Answer:
There is only one sign change in the function f(-x), indicating that there is exactly one negative real zero. The possible number of negative real zeros is one.
I hope this helped answer your question
If you could give me brainliest, it would help out a ton!
Step-by-step explanation:
To determine the number of possible positive and negative real zeros of the function f(x) = 4x^3 - 12x^2 - 5x + 1, we can use the Descartes' Rule of Signs.
1. Counting the number of sign changes in the function:
- Starting from the leftmost term, the sign is positive (+).
- Moving to the next term, the sign changes to negative (-).
- Moving to the next term, the sign changes to positive (+).
- Finally, moving to the last term, the sign remains positive (+).

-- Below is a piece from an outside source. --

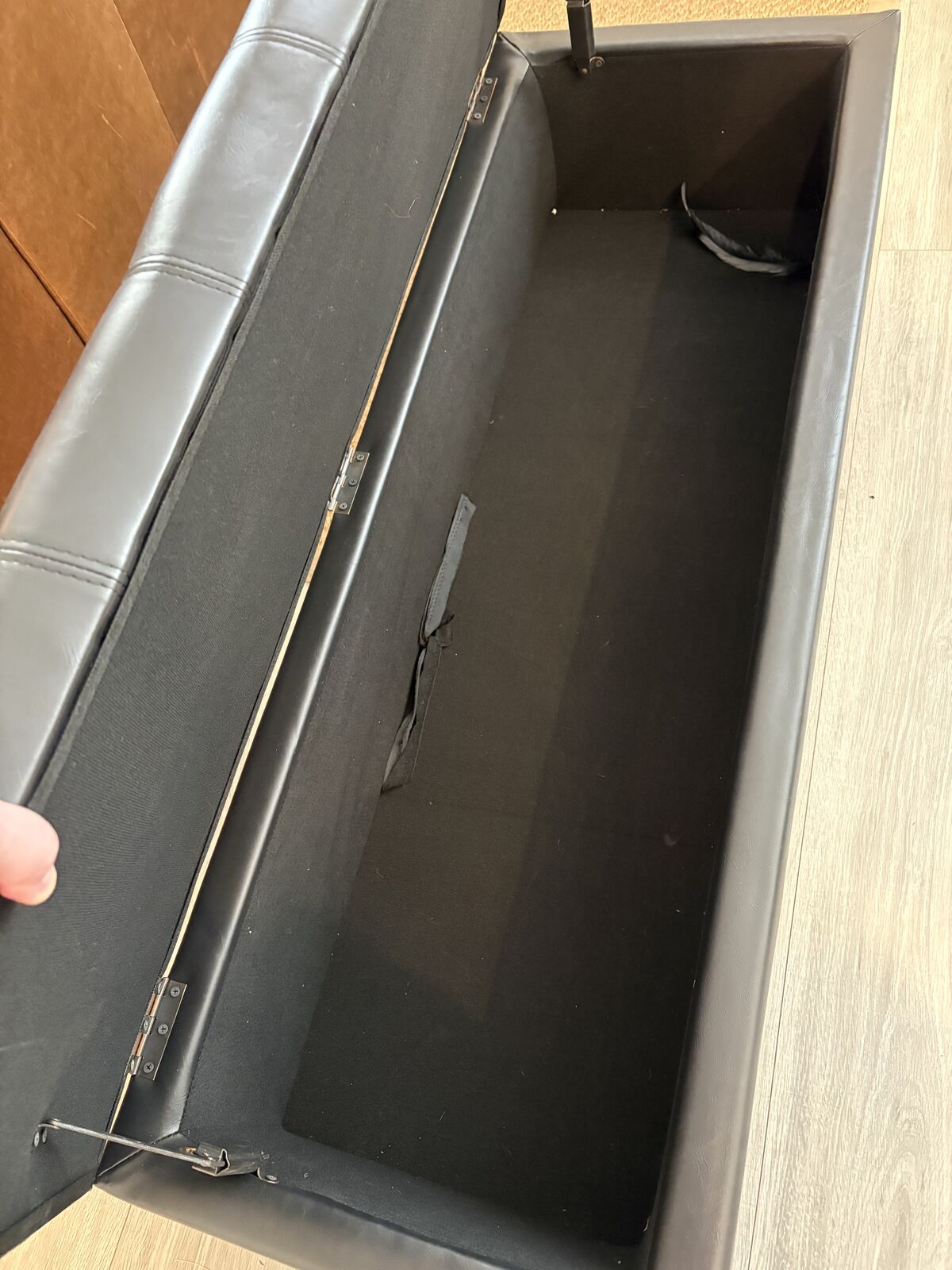 Black leather ottoman with storage 12inch height 51 inch’s long 18.5 width no wear.

There are two sign changes in the function, indicating that there are either two positive real zeros or zero positive real zeros.
2. Counting the number of sign changes in the function f(-x):
- Substitute -x for x in the function: f(-x) = 4(-x)^3 - 12(-x)^2 - 5(-x) + 1.

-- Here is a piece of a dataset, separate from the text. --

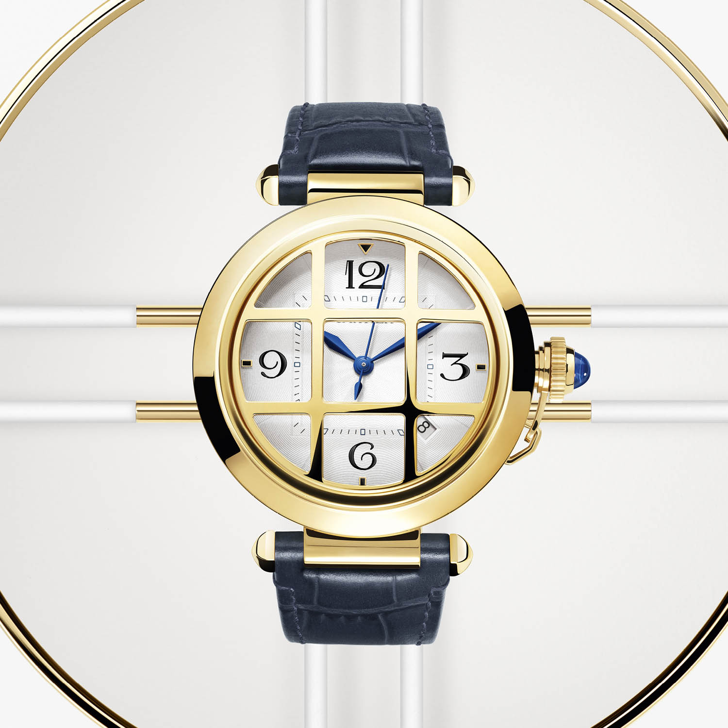 The latest 41mm Pasha de Cartier Grille is presented in a yellow gold case with a thickness of 9.5mm and water-resistance of 100 metres. The incorporation of the grid accentuates the dynamic design of the Pasha with its thick, mirror-polished bezel and square railway track in the centre of the dial. Crafted in hand-polished yellow gold, the removable grid over the dial adds even more personality to a watch that is per se on the exuberant side of things. Four small clasps with a tiny spring allow the grid to be easily attached and detached. With its protruding sapphire cabochon-tipped crown and chain, and the classic Vendome-style bars with rounded Clous de Paris tips designed and patented by Louis Cartier in 1934, the Pasha has a lively, extroverted personality.

- Simplifying, we get f(-x) = -4x^3 - 12x^2 + 5x + 1.
- Starting from the leftmost term, the sign is negative (-).
- Moving to the next term, the sign remains negative (-).

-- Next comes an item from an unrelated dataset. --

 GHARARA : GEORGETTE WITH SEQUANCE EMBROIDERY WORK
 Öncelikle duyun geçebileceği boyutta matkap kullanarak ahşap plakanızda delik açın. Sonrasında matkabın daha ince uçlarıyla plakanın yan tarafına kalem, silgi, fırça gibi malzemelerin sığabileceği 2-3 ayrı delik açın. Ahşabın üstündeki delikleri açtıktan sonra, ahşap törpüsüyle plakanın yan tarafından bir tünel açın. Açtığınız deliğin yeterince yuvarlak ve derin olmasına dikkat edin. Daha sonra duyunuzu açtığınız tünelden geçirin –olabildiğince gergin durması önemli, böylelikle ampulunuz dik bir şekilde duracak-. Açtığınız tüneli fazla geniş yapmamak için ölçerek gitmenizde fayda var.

- Moving to the next term, the sign changes to positive (+).
- Finally, moving to the last term, the sign remains positive (+).
There is only one sign change in the function f(-x), indicating that there is exactly one negative real zero.
Based on the Descartes' Rule of Signs, the possible number of positive real zeros is either two or zero, and the possible number of negative real zeros is one.